Les mappemondes sont souvent orientées vers l'est, c’est-à-dire vers le soleil levant,
orientation cardinale qui prend valeur théologique par analogie avec le Christ, vrai
Soleil et lumière véritable. L’Orient et le Paradis terrestre sont placés en haut. À
partir du XIIe siècle, la signification spirituelle de ces représentations est renforcée
par la position centrale de Jérusalem, "ombilic de la Terre". À l’intérieur de ces trois
parties du monde s’insère la représentation des montagnes, "ossature de la Terre", et
des fleuves qui la "parcourent comme les veines d’un grand corps". Puis viennent
des vignettes urbaines évoquant les cités, agrémentées de tours, de murailles ou
d’églises. La forme traditionnelle du TO tend à disparaître derrière la complexité du
tracé tandis que les légendes et les vignettes occupent une place de plus en plus
importante. Miroir de la création, la mappemonde d'Ebstorf se présente comme une
véritable encyclopédie du monde médiéval.

Les cartes-portulans

Dans un contexte d’essor du commerce maritime, une nouvelle représentation


cartographique, résultat de l’observation des marins, se répand au XIVe siècle depuis
l’Italie. Ce sont les "portulans", à la fois textes décrivant les côtes et les ports, et
cartes nautiques peintes sur parchemin avec l’indication des îles, abris et amers pour
reconnaître un rivage.
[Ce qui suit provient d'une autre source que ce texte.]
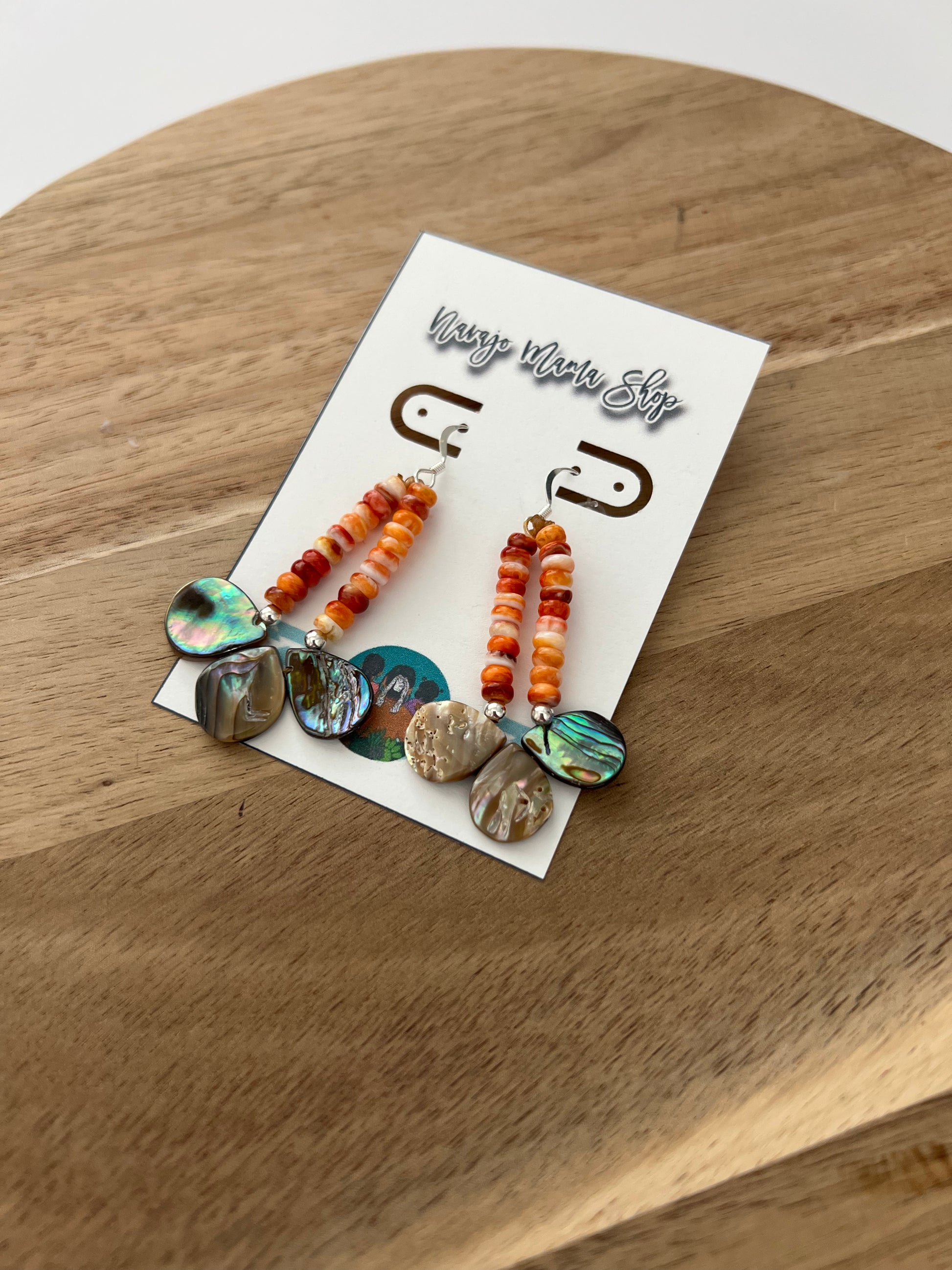 Made of orange spiny oyster and abalone on sterling silver fish hooks - mini earrings

En toile de fond se développe un réseau de lignes
géométriques appelé "marteloire", différent du quadrillage des parallèles et des
méridiens. Issues des roses des vents, ces lignes de rhumbs ne servent pas à mesurer
les distances, mais indiquent aux marins les angles de route pour se diriger avec la
règle, le compas et surtout grâce à l'usage de l'aiguille aimantée de la toute nouvelle
boussole.

La redécouverte de Ptolémée

De 1401 à 1406, Jacopo d'Angelo da Scarperia traduit du grec au latin la


"cosmographie" de Ptolémée, dont le manuscrit avait été apporté de Constantinople
par Manuel Chrysoloras. Le titre grec de "géographie" n'apparaît qu'à partir de la
traduction italienne du Florentin Francesco Berghieri (publiée en 1478).
Le texte traduit par Jacopo d'Angelo était accompagné de cartes, transcrites à leur
tour en latin vers 1415 et dont l'origine demeure incertaine. Sont-elles l'œuvre de
Ptolémée lui-même ? Ou des constructions plus tardives comme celles réalisées au
XIIIe siècle à Constantinople par Maxime Planude (1260-1310) ? Quoi qu'il en soit,
les manuscrits latins, copiés en Italie puis dans le reste de l'Europe occidentale à
l'intention des grands personnages du temps, se distinguent par leur qualité et la
beauté de leurs illustrations. La plupart de ces manuscrits renferment un jeu de vingt-
sept cartes : vingt-six cartes régionales en projection orthogonale et une carte du
monde, généralement en projection conique. À cette cartographie de base s'ajoutent
bientôt des cartes "modernes" et des plans de ville.

Avec la traduction latine de Ptolémée, le monde occidental dispose désormais des


outils nécessaires, grâce aux projections, pour construire une représentation
géométrique du monde connu et des mondes à découvrir.